After Olson complained, describing the experience as a "mind rape", team owner Victor Kiam allegedly described her as a "classic bitch." (He later apologized in a newspaper ad, while denying using crude language. Later he admitted to calling her a "classy bitch.") Later, on February 4, 1991, at a male-only sports banquet in Stamford, Connecticut, Kiam told the attendees a crude joke about the incident. Referring to the United States military's use of Patriot missiles during the then-ongoing Gulf War, Kiam said to the audience: "What do the Iraqis have in common with Lisa Olson? They've both seen Patriot missiles up close." After criticism, Kiam apologized for the joke two days after he had told it.

Eventually, NFL Commissioner Paul Tagliabue ordered an investigation under the aegis of former Watergate scandal prosecutor Philip Heymann; the 60-page report concluded that Olson was "degraded and humiliated." Mowatt was fined $12,500, the other two players $5,000, and the team itself $50,000, since no management had intervened at the time or immediately following. Half the cost of the team's fine was to defray instructional materials the league could send to all teams and players, and Tagliabue wrote a letter to Kiam expressing his belief that the incident had "damaged" the league. The general manager of the team was fired.
In an interview on the March 11, 2011 edition of Bill Simmons' podcast, "The B.S. Report", Jackie MacMullan reported that the fines were never actually collected from the players.

After the incident became public, Olson was subjected to harassment by fans of the Patriots. Her tires were slashed, she received hate mail and death threats, and her apartment was burglarized. The Herald's then owner, News Corporation, offered to transfer her to Sydney, Australia, where she worked for The Daily Telegraph and the Sydney Morning Herald.

On April 25, 1991, Olson filed a lawsuit in Massachusetts state court against the Patriots, Kiam, Sullivan, Oldham, and the three players (Mowatt, Timpson, and Perryman), alleging violations of her civil rights, sexual harassment, intentional infliction of emotional distress, and intentional damage to her professional reputation. On February 24, 1992, her attorney said that Olson had settled the lawsuit on undisclosed terms.

==Return to the United States==
In 1998, Olson returned to the United States to be with her gravely ill father and took a position with the New York Daily News.

Later that year, Olson and Sam Marchiano were reportedly subjected to a profanity-laced verbal tirade by New York Yankees pitcher David Wells when they approached him at his home to comment on his sudden trade to the Toronto Blue Jays for Roger Clemens.

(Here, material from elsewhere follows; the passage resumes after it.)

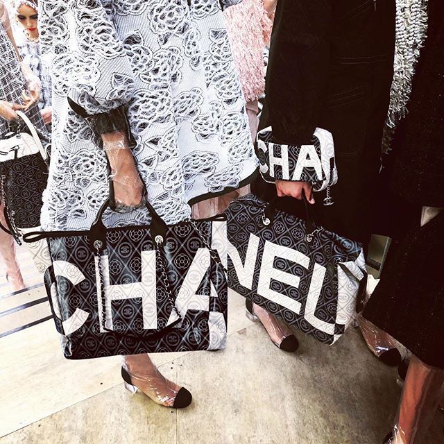 Da sempre capostipite della "logo-mania", Maison Chanel fa sfilare le modelle a Parigi con maxi bags black and white, morbide, dal manico corto, avvolte totalmente dalla scritta bold Chanel.

David Cone, Wells's teammate, gave Olson and Marchiano Wells's address. Olson later wrote a column apologizing to Wells for coming to his house during what was such an emotional time.

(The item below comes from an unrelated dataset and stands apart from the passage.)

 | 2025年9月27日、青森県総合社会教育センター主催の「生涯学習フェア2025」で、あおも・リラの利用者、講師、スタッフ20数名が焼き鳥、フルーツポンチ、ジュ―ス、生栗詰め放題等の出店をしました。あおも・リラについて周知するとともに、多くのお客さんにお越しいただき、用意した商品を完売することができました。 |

Olson worked as a sports columnist for the Daily News for ten years. She later was a columnist for the FanHouse sports website, and then a columnist for Sporting News. As of 2013, she was working as a freelance writer.

She won numerous writing awards during her time with the Daily News, including "Best Sports Reporting" by the Society of Professional Journalists. She is a frequent guest speaker at schools and colleges, and active in public schools' mentoring program for girls who hope to study journalism.

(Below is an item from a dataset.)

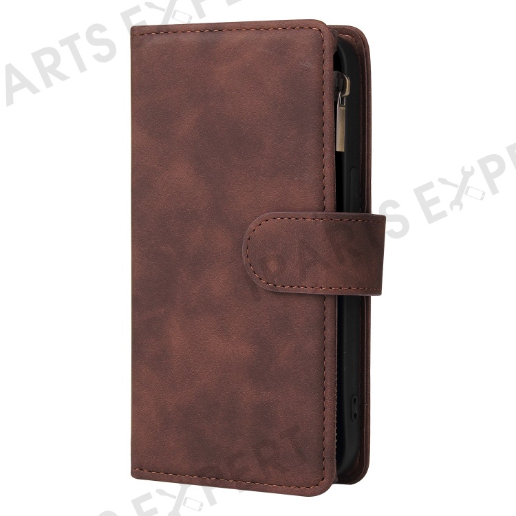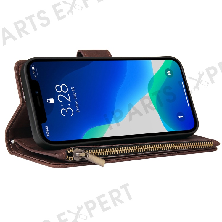 For iPhone 13 Pro 6.1 inch Zipper Pocket Design PU Leather Mobile Phone Wallet Stand Cover Multi Card Slots Drop-proof Case - Coffee

In 2011, Northern Arizona University's School of Communication awarded Olson its Eunson Alumni Achievement Award.

In 2013, the Association for Women in Sports Media, at its 25th convention, awarded Olson its Mary Garber Pioneer Award.

==Popular culture==
In 2013, Olson's incident with the Patriots was addressed in the documentary Let Them Wear Towels, part of ESPN Films' Nine for IX series that commemorated the 40th anniversary of the enactment of Title IX. The documentary was about female sportswriters' struggles to gain access to male locker rooms in order to be able to do their jobs. Archival footage of Olson was used in the film, but Olson herself declined to participate in it.

Olson's ordeal was mentioned (although without her name, referring to her only as "a Boston Globe reporter") in the Sports Night Season One episode "Mary Pat Shelby," in which Natalie Hurley was assaulted in a locker room by football star Christian Patrick.